[Saved data entries]
_ _ _ _ _ _ _

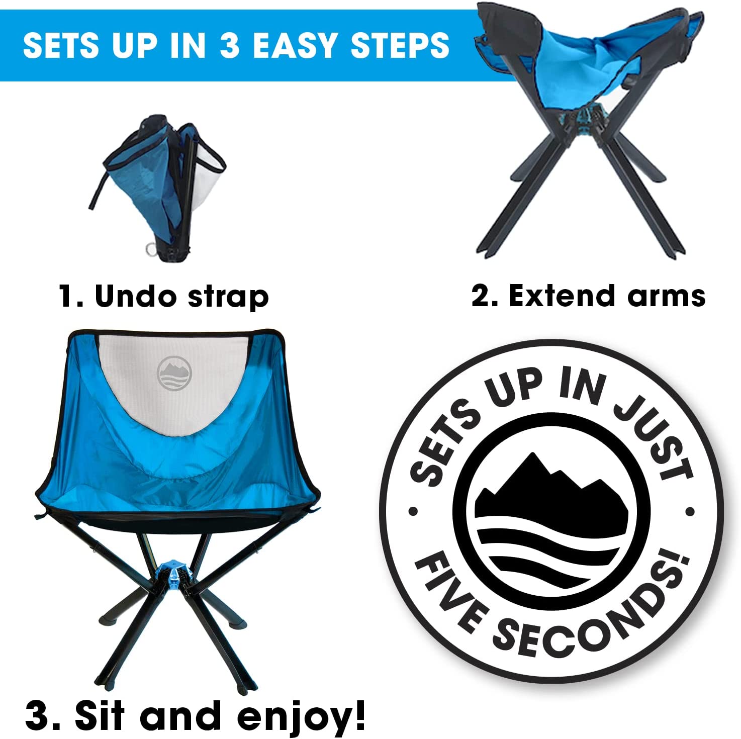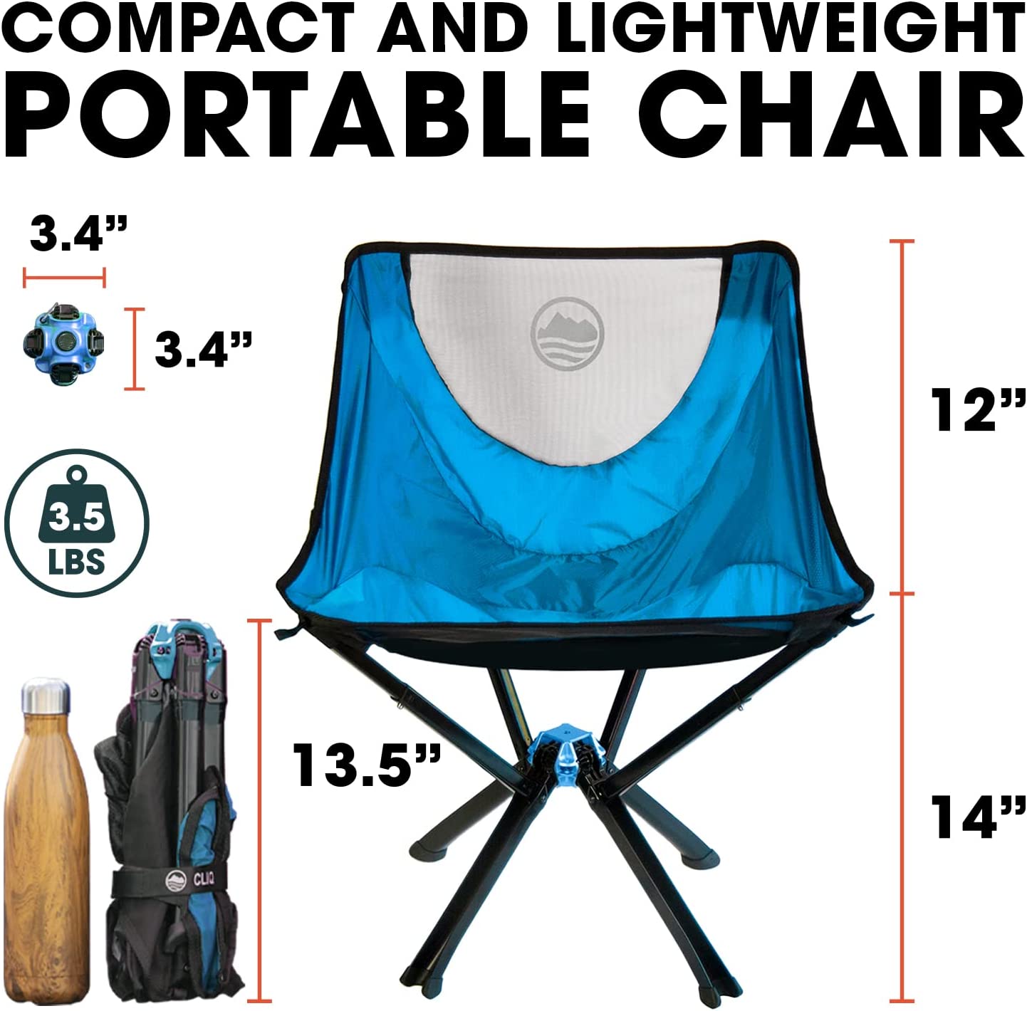 CLIQ Portable Chair Camping Chairs - A Small Collapsible Portable Chair That Goes Every Where Outdoors. Compact Folding Chair for Adults That Sets Up in 5 Seconds | Camping Chair Supports 300 Lbs
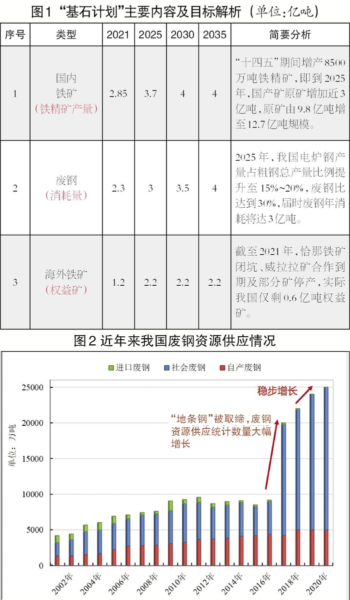 截至目前,“基石计划”推进已半年有余。笔者在对“基石计划”进展情况进行简要分析后认为,“十四五”期间,在“基石计划”目标实现中,国内铁矿石产量应有一定增幅,远期目标可以实现,但短期内较难有大幅增产;废钢积蓄进度加快,近、远期目标应该都可以实现;海外权益矿比例应有一定增加,远期目标可以实现,但短期目标实现难度较大。
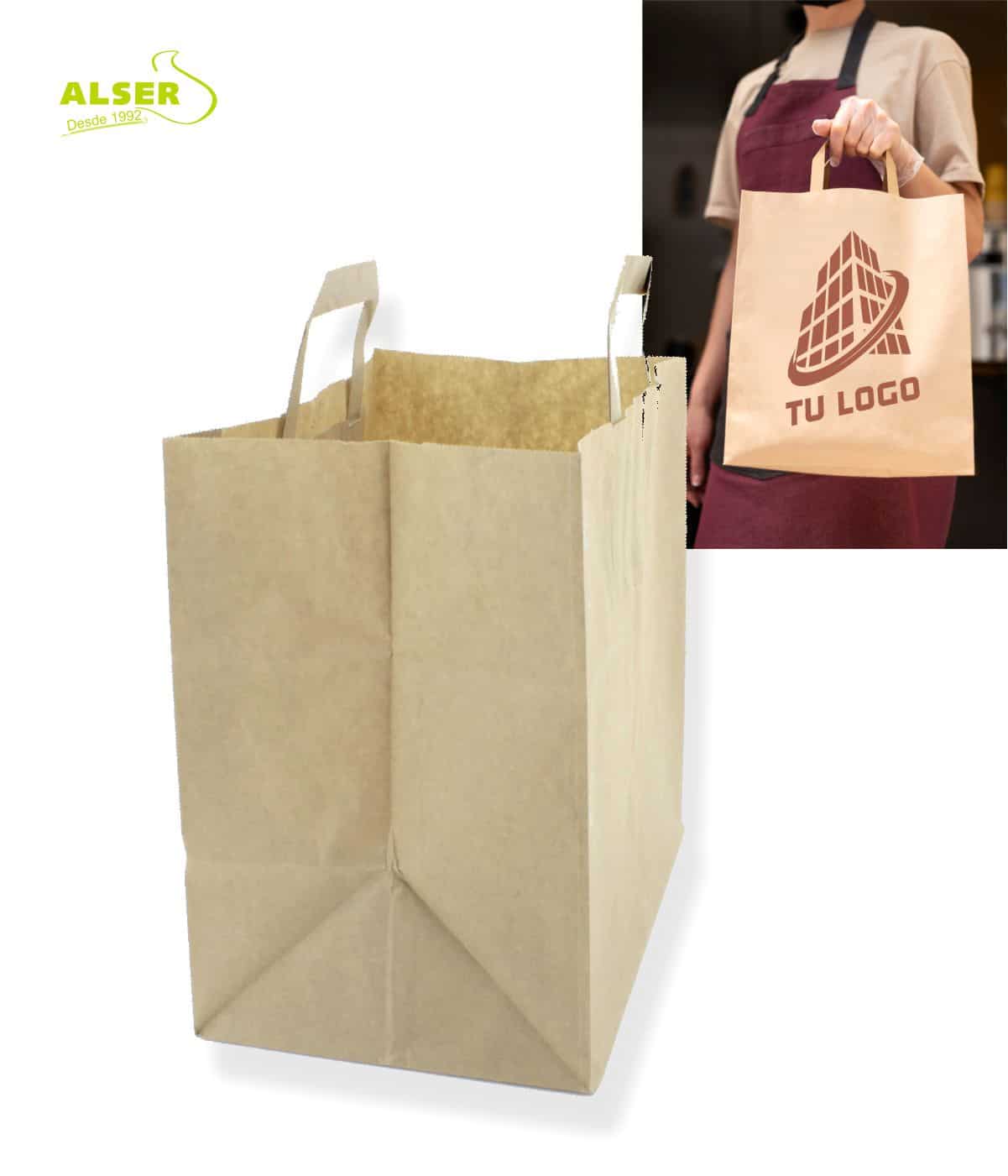 Bolsa de papel ideal para supermercados y restaurantes take away
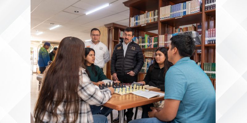 Asimismo, recorrió la biblioteca, en donde le presentaron proyectos de modernización de los servicios de consulta, así como zonas de estudio colaborativo y apoyos a estudiantes foráneos, consolidándose como un eje de equidad, inclusión y acceso al conocimiento.
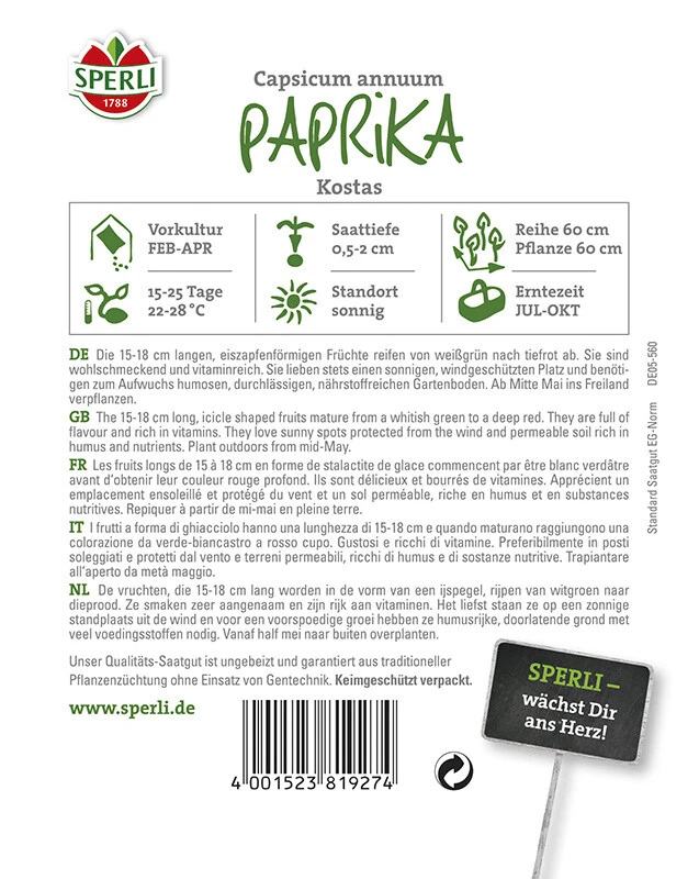 Bei der Paprika ‚Kostas‘ handelt es sich um eine Premiumsorte mit besonders wohlschmeckenden und vitaminreichen Früchten. Sie werden ca. 15 bis 18 cm lang, erinnern in ihrer Form an Eiszapfen und reifen von Weiß-Grün nach Tiefrot ab. Die Spitzpaprika liebt einen sonnigen, windgeschützten Platz und benötigt zum Aufwuchs humosen, durchlässigen und nährstoffreichen Gartenboden. Als sehr widerstandsfähige Sorte liefert ‚Kostas‘ sehr hohe Erträge im Zeitraum von Juli bis Oktober.
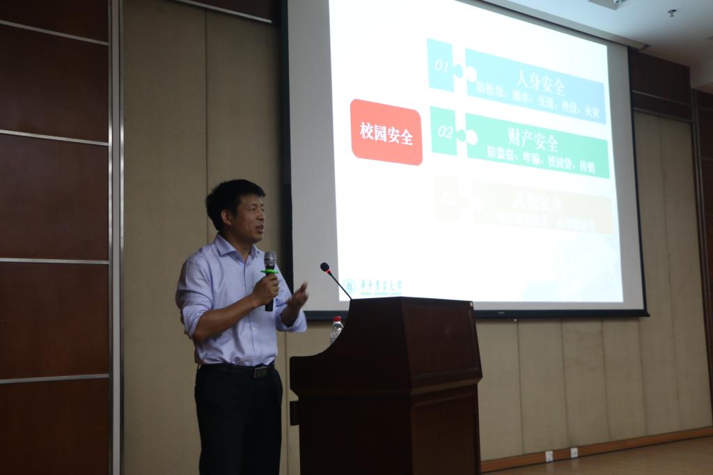 Then Mr.Liu Wenkui conducted safety knowledge training from four aspects: personal safety, property safety, fire safety and national security. Combining with typical cases summarized in his daily work, Liu explained how to prevent safety problems like stealing, robbery, drowning, sex invasion, fire, traffic, fraud and pyramid selling in the form of pictures and video. In particular, he stressed the hidden dangers of fire safety caused by inferior electric appliances, unmanned recharge and illegal use of high-power electrical appliances. At the same time, the basic self rescue knowledge and self rescue method when besieged by fire were also introduced. In the anti-theft and fraud part , he said that everyone should be vigilant and be ware of fraud.Do not believe “Pennies from heaven” and learn to develop good habits of keeping the money properly.
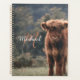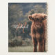 Herbstgras-Foto des Hochlandkalbs. Atemberaubendes junges Kalb von hochschottischen Rindern auf einem Herbstgrasfeld mit abgestuften Farben. Schöner, dunkelhaariger Orangenmantel kontrastiert mit hellgelb grünem Gras und Bäumen im Hintergrund. Individuell personalisierbares Monogramm mit Ihrem Namen und Ihrer Initiale auf dem verlassen.
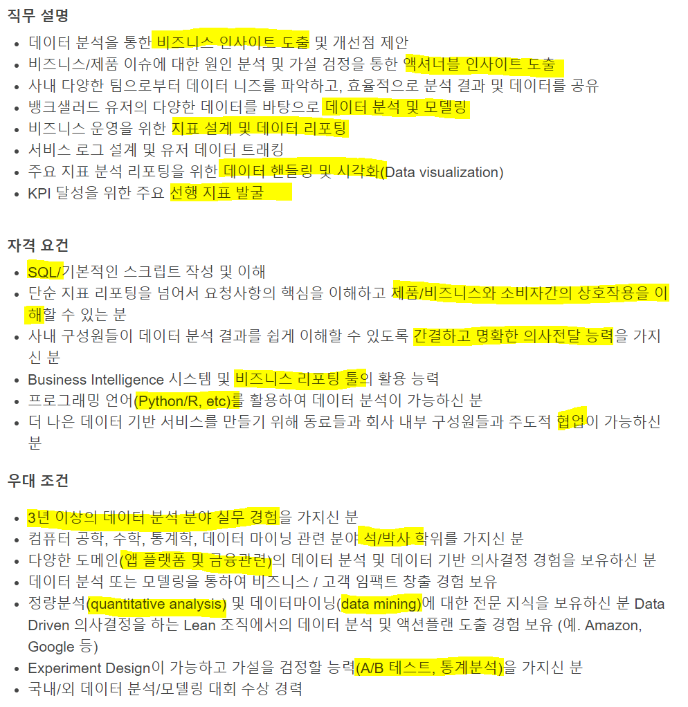 다음은 비슷한 회사인 뱅크샐러드의 Data Analyst 포지션 채용공고이다.
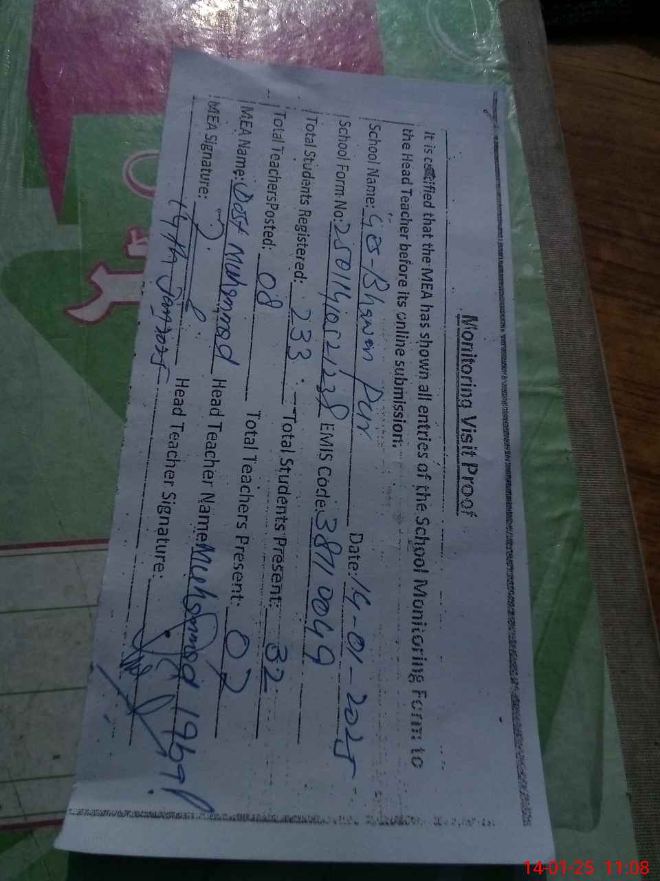 | Name: MU**** IQ**** Designation: (School Headmaster's/Headmistress's) SST Phone/Cell Number: 03**** |

_ _ _ _ _ _ _

-- What you are asked to do --
Your job is to copy every entry exactly. Omit the pictures.

-- Exercise response --
 CLIQ Portable Chair Camping Chairs - A Small Collapsible Portable Chair That Goes Every Where Outdoors. Compact Folding Chair for Adults That Sets Up in 5 Seconds | Camping Chair Supports 300 Lbs
 截至目前,“基石计划”推进已半年有余。笔者在对“基石计划”进展情况进行简要分析后认为,“十四五”期间,在“基石计划”目标实现中,国内铁矿石产量应有一定增幅,远期目标可以实现,但短期内较难有大幅增产;废钢积蓄进度加快,近、远期目标应该都可以实现;海外权益矿比例应有一定增加,远期目标可以实现,但短期目标实现难度较大。
 Bolsa de papel ideal para supermercados y restaurantes take away
 Asimismo, recorrió la biblioteca, en donde le presentaron proyectos de modernización de los servicios de consulta, así como zonas de estudio colaborativo y apoyos a estudiantes foráneos, consolidándose como un eje de equidad, inclusión y acceso al conocimiento.
 Bei der Paprika ‚Kostas‘ handelt es sich um eine Premiumsorte mit besonders wohlschmeckenden und vitaminreichen Früchten. Sie werden ca. 15 bis 18 cm lang, erinnern in ihrer Form an Eiszapfen und reifen von Weiß-Grün nach Tiefrot ab. Die Spitzpaprika liebt einen sonnigen, windgeschützten Platz und benötigt zum Aufwuchs humosen, durchlässigen und nährstoffreichen Gartenboden. Als sehr widerstandsfähige Sorte liefert ‚Kostas‘ sehr hohe Erträge im Zeitraum von Juli bis Oktober.
 Then Mr.Liu Wenkui conducted safety knowledge training from four aspects: personal safety, property safety, fire safety and national security. Combining with typical cases summarized in his daily work, Liu explained how to prevent safety problems like stealing, robbery, drowning, sex invasion, fire, traffic, fraud and pyramid selling in the form of pictures and video. In particular, he stressed the hidden dangers of fire safety caused by inferior electric appliances, unmanned recharge and illegal use of high-power electrical appliances. At the same time, the basic self rescue knowledge and self rescue method when besieged by fire were also introduced. In the anti-theft and fraud part , he said that everyone should be vigilant and be ware of fraud.Do not believe “Pennies from heaven” and learn to develop good habits of keeping the money properly.
 Herbstgras-Foto des Hochlandkalbs. Atemberaubendes junges Kalb von hochschottischen Rindern auf einem Herbstgrasfeld mit abgestuften Farben. Schöner, dunkelhaariger Orangenmantel kontrastiert mit hellgelb grünem Gras und Bäumen im Hintergrund. Individuell personalisierbares Monogramm mit Ihrem Namen und Ihrer Initiale auf dem verlassen.
 다음은 비슷한 회사인 뱅크샐러드의 Data Analyst 포지션 채용공고이다.
 | Name: MU**** IQ**** Designation: (School Headmaster's/Headmistress's) SST Phone/Cell Number: 03**** |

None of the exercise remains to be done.